## EXERCISE PROMPT
Please write out exactly the lines of the data below from the line holding "Я крепко сжал" through the line holding "本届U20女足亚洲杯,中国U", and leave out the rest.

## MATERIALS PROVIDED
---------------

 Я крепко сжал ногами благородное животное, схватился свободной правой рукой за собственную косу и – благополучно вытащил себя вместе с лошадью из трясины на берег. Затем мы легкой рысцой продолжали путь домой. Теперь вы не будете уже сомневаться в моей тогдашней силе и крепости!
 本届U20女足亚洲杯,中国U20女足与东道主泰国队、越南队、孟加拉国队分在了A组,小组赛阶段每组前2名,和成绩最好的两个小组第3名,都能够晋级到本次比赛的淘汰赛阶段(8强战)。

---------------

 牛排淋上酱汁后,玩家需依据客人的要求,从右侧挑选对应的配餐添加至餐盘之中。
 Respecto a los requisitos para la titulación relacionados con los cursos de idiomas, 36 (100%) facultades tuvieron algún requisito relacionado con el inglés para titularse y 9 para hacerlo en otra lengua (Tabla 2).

---------------

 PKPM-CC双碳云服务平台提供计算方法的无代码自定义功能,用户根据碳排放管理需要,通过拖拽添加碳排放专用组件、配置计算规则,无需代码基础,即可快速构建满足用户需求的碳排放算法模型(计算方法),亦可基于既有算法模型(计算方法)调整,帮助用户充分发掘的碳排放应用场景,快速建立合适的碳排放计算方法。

---------------

## ANSWER TO THE PROBLEM
 Я крепко сжал ногами благородное животное, схватился свободной правой рукой за собственную косу и – благополучно вытащил себя вместе с лошадью из трясины на берег. Затем мы легкой рысцой продолжали путь домой. Теперь вы не будете уже сомневаться в моей тогдашней силе и крепости!
 本届U20女足亚洲杯,中国U20女足与东道主泰国队、越南队、孟加拉国队分在了A组,小组赛阶段每组前2名,和成绩最好的两个小组第3名,都能够晋级到本次比赛的淘汰赛阶段(8强战)。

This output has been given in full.